* **Work task**: Repeat the listing exactly, minus the pictures.

* **Information shown**:
##########
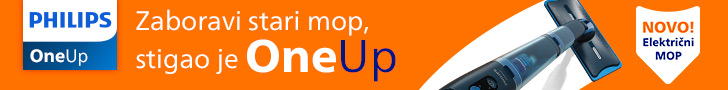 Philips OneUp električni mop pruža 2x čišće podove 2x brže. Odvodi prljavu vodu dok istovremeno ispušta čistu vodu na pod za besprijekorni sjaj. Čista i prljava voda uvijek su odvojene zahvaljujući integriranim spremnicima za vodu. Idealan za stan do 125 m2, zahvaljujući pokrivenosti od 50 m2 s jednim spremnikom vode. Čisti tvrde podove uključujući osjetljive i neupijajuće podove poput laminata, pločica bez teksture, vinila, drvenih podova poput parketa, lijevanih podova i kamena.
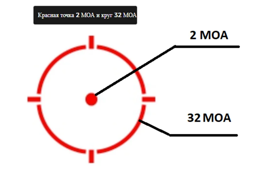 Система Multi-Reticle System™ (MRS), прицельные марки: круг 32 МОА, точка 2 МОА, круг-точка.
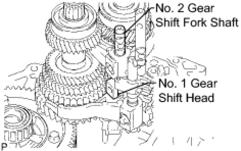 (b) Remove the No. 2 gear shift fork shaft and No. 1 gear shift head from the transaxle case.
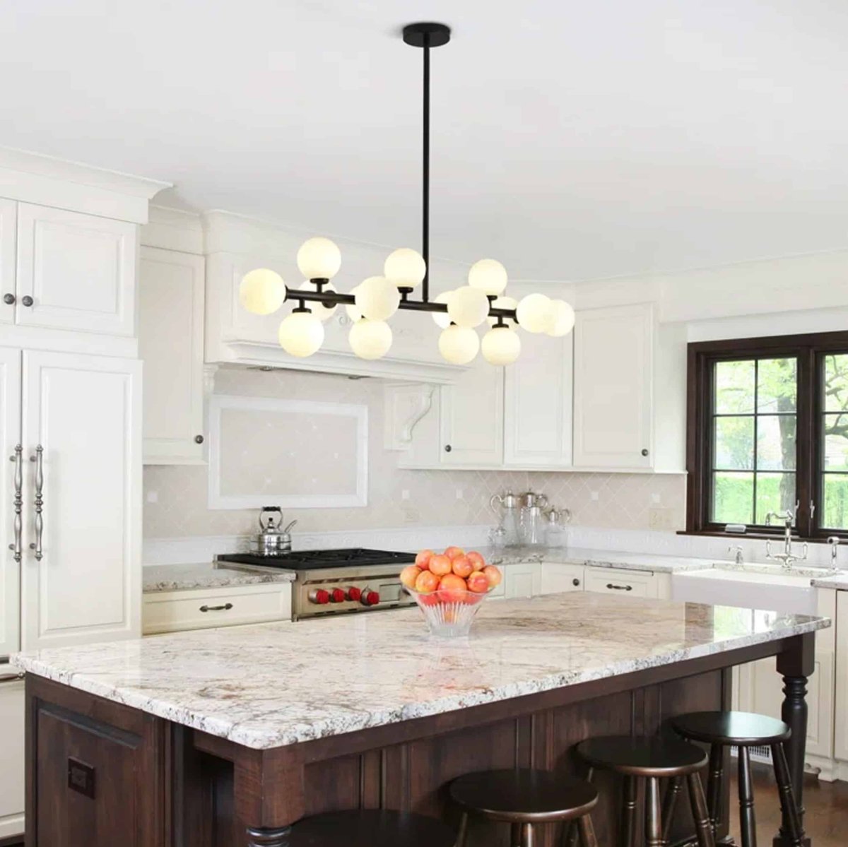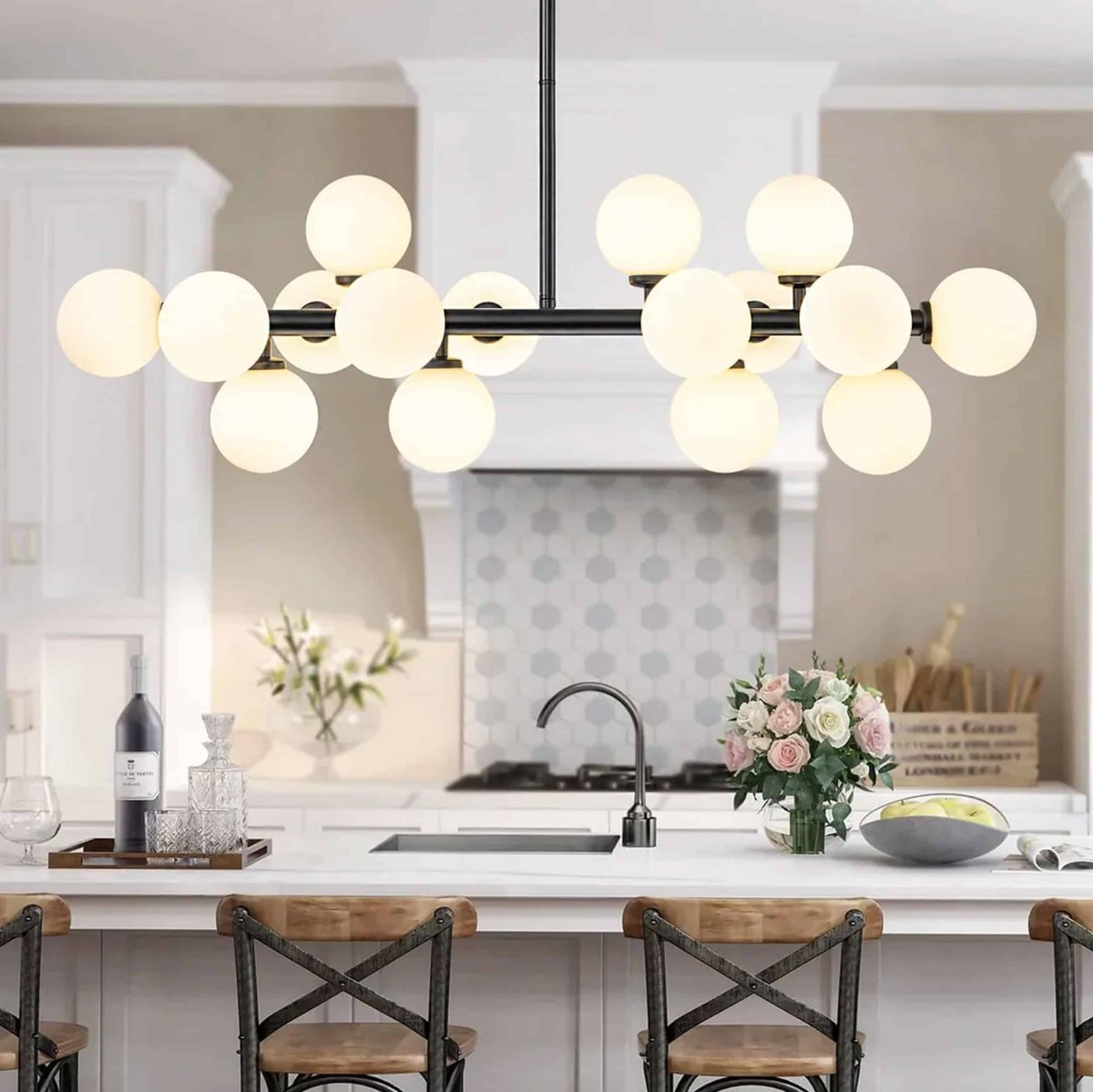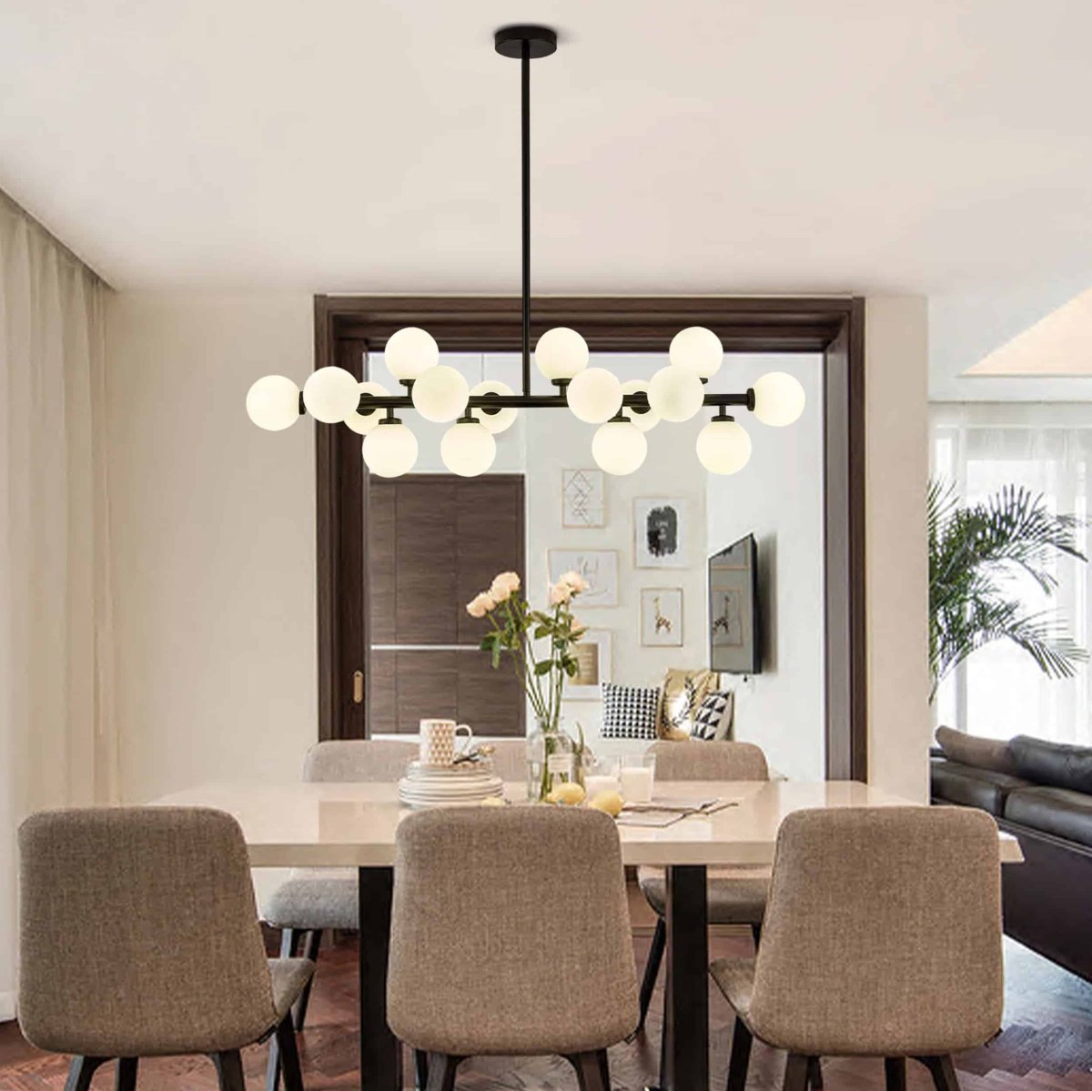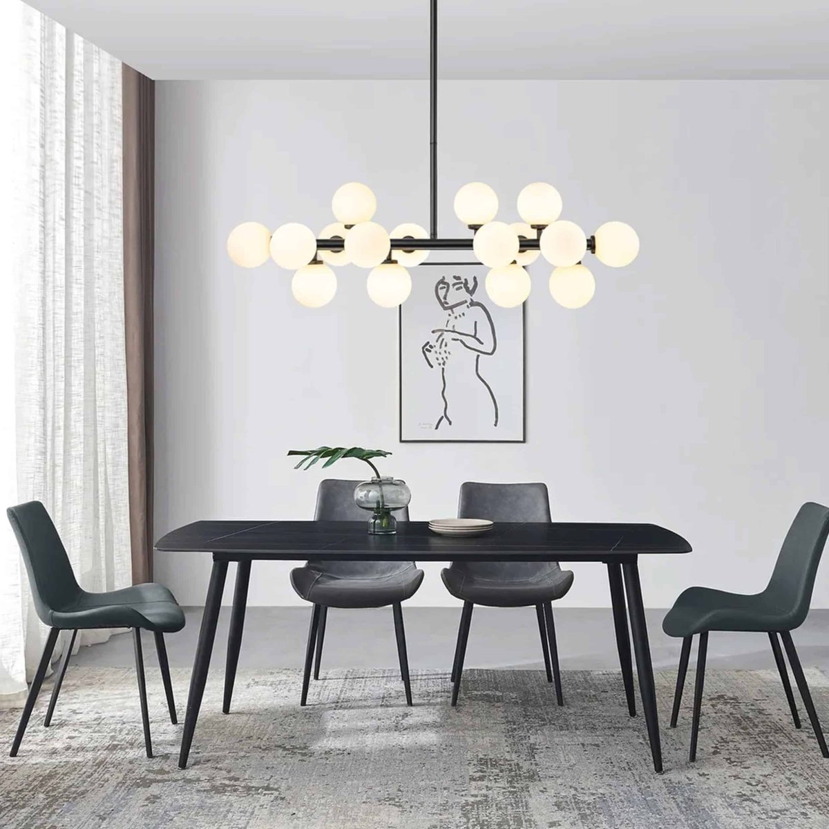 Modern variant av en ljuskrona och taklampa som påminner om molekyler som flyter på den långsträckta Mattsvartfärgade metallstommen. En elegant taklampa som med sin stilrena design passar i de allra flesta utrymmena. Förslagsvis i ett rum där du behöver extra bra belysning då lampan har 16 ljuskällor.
##########
* **Answer to this problem**:
 Philips OneUp električni mop pruža 2x čišće podove 2x brže. Odvodi prljavu vodu dok istovremeno ispušta čistu vodu na pod za besprijekorni sjaj. Čista i prljava voda uvijek su odvojene zahvaljujući integriranim spremnicima za vodu. Idealan za stan do 125 m2, zahvaljujući pokrivenosti od 50 m2 s jednim spremnikom vode. Čisti tvrde podove uključujući osjetljive i neupijajuće podove poput laminata, pločica bez teksture, vinila, drvenih podova poput parketa, lijevanih podova i kamena.
 Система Multi-Reticle System™ (MRS), прицельные марки: круг 32 МОА, точка 2 МОА, круг-точка.
 (b) Remove the No. 2 gear shift fork shaft and No. 1 gear shift head from the transaxle case.
 Modern variant av en ljuskrona och taklampa som påminner om molekyler som flyter på den långsträckta Mattsvartfärgade metallstommen. En elegant taklampa som med sin stilrena design passar i de allra flesta utrymmena. Förslagsvis i ett rum där du behöver extra bra belysning då lampan har 16 ljuskällor.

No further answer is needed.